Ruto assents to new Bills strengthening county revenue and public finance management

Ruto assents to new Bills strengthening county revenue and public finance management

Ruto assented to the County Allocation of Revenue Bill, 2025, and the County Public Finance Laws (Amendment) Bill, 2023, on Wednesday at the Homa Bay State Lodge.

President William Ruto has approved two key laws aimed at enhancing county governance and financial management.

Ruto assented to the County Allocation of Revenue Bill, 2025, and the County Public Finance Laws (Amendment) Bill, 2023, on Wednesday at the Homa Bay State Lodge.

The County Public Finance Laws (Amendment) Bill, sponsored by Meru Senator Kathuri Murungi, is designed to strengthen the financial independence of county assemblies.

It amends the Public Finance Management Act to create a County Assembly Fund in every county. The fund will cover administrative expenses and support the acquisition of assets such as land and buildings.

Although the County Assembly Services Act already provides for such a fund, the new law adds more detailed provisions on how it will be managed, its revenue sources, and procedures for requisitioning funds.

Under the law, the Clerk of each county assembly will serve as the fund’s administrator. Monies will be retained for their intended purpose, held at the Central Bank of Kenya (CBK), and released promptly for approved public spending.

Any unspent funds at the end of the financial year will be carried forward.
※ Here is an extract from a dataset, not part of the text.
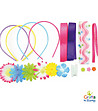 În set veți găsi: - 4 benzi potrivite pentru panglici; - 4 diademe; - șnur elastic; - flori pentru decor; - nasturi.

The main source of the fund will be allocations from the County Revenue Fund, which county treasuries must release by the 15th of each month for the following month’s expenditures, subject to assembly approval.

Supporters of the law say these measures will give county assemblies greater control over finances, allowing them to carry out their constitutional and statutory duties effectively.

The County Allocation of Revenue Bill, 2025, sponsored by Senate Finance and Budget Committee chair Ali Roba, sets out how the national government will distribute revenue to counties in the new financial year.

It allocates Sh415 billion to the 47 counties, a 7.1 per cent increase from the Sh387.4 billion distributed in 2023/24.

The law requires the national Treasury to publish monthly reports on transfers to counties. County treasuries, in turn, must reflect these receipts in their quarterly and annual financial statements to ensure transparency in the use of public funds.

This will be the first revenue allocation under the fourth formula approved by Parliament earlier this year, as stipulated in Article 217 of the Constitution.

The law also sets budget ceilings for county executives and assemblies and outlines rules for funding functions transferred from counties to the national government.

Counties must submit quarterly performance reports to the Senate and their assemblies, reinforcing accountability in public service delivery.